The clerkship is divided into two phases: six weeks of a general surgery service and six weeks of trauma and subspecialty service. Each student will rotate through both services and is expected to participate in the preoperative, operative and postoperative care of the surgical patient.
This six-week rotation will expose students to the fundamentals of general surgery. These broadly include evaluation of abdominal pain, gastrointestinal surgery, cancer surgery, thoracic surgery and hernia repair. Students will be divided between the two Kern Medical general surgery services: Red and Gold, as run by their respective fifth-year chief residents. At the completion of this phase, students are expected to be able to recognize common surgical problems and construct appropriate diagnostic management. They should also be able to assess suitability for surgery of patients referred with common surgical problems. Finally, they should recognize the most common surgical emergencies that require urgent surgical consultation.
Trauma and Subspecialty
This six-week rotation will expose students to patients who present with trauma, including their surgical and critical care. Students will be expected to participate actively in the resuscitation and care of a patient in shock, whether in the emergency room, operating room, or intensive care unit.
In addition, this rotation will allow students to become acquainted with the various surgical subspecialties, including urology, plastic surgery, neurosurgery, otolaryngology, and orthopedic surgery. Students are expected to rotate through all subspecialty clinics during these six weeks in addition to their exposure to trauma.
Moreover, students are expected to participate in surgical cases for patients they saw in the clinics as long as the particular attending approves. At the completion of this phase, students will be expected to understand and demonstrate the basic core concepts required in the treatment of trauma patients. In addition, they will be required to understand the basic disease processes and their respective treatments in the broad category of surgical subspecialty care.
Didactics, Lectures, and Conferences
The surgical curriculum will be taught through a combination of didactic and clinical teaching. Weekly learning opportunities include Mortality and Morbidity (M&M) Conferences, Surgery Grand Rounds, Medical Student and Resident Teaching Conferences, and Multidisciplinary Surgical Conferences. In addition, students will have a mandatory Clerkship Core Lecture Series (Didactics tab) held each week.
However, the greatest opportunities for learning surgery will take place in the operating room, the clinic and at the bedside. Students are encouraged to consider these conferences and activities a priority and should be present unless scrubbed in a case.

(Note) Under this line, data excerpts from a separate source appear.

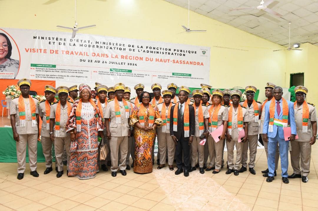 Dans le cadre de ses visites de proximité avec les fonctionnaires en région, la Ministre d’État, Anne Désirée Ouloto, a échangé avec les fonctionnaires et agents de l’État en service dans la région du Haut-SASSANDRA, ce lundi 22 juillet 2024.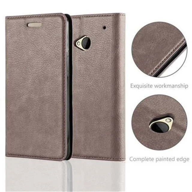 Cadorabo Ohišje, združljivo z HTC ONE M7 v kavovinsko rdeča - Zaščitni ovitek z magnetnim zapiranjem, stoječo funkcijo in režo za kartice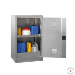 Szafa ze stali nierdzewnej przeznaczona do bezpiecznego przechowywania substancji niebezpiecznych dla wody oraz agresywnych substancji chemicznych w małych pojemnikach, stosowana w pomieszczeniach ...

Third-year medical students rotating through surgery at Kern Medical will be divided into two six-week rotations. This outline provides a review of General Surgery.
Third-year medical students rotating in surgery at Kern Medical are expected to become familiar with the basic principles of general surgery. During this six-week rotation students are expected to participate in and see patients in inpatient and outpatient settings.
General surgery at Kern Medical is divided into two services: Gold and Red Surgery, each run by its respective fifth-year chief resident. The surgical team may also include junior surgical residents, rotating residents, interns, and fourth-year medical student subinterns. As a third-year medical student, you are a vital part of this team.
During this rotation, students will be exposed to a vast array of pathology that constitutes a general surgery practice. This will include evaluation of patients who will require elective surgery in the outpatient setting and patients who will require urgent or emergent surgery in the inpatient setting. Since surgery is a consultative specialty, a patient is referred to a surgeon once a symptom or pathology is identified by the primary care physician or in some circumstances, by the emergency room physician.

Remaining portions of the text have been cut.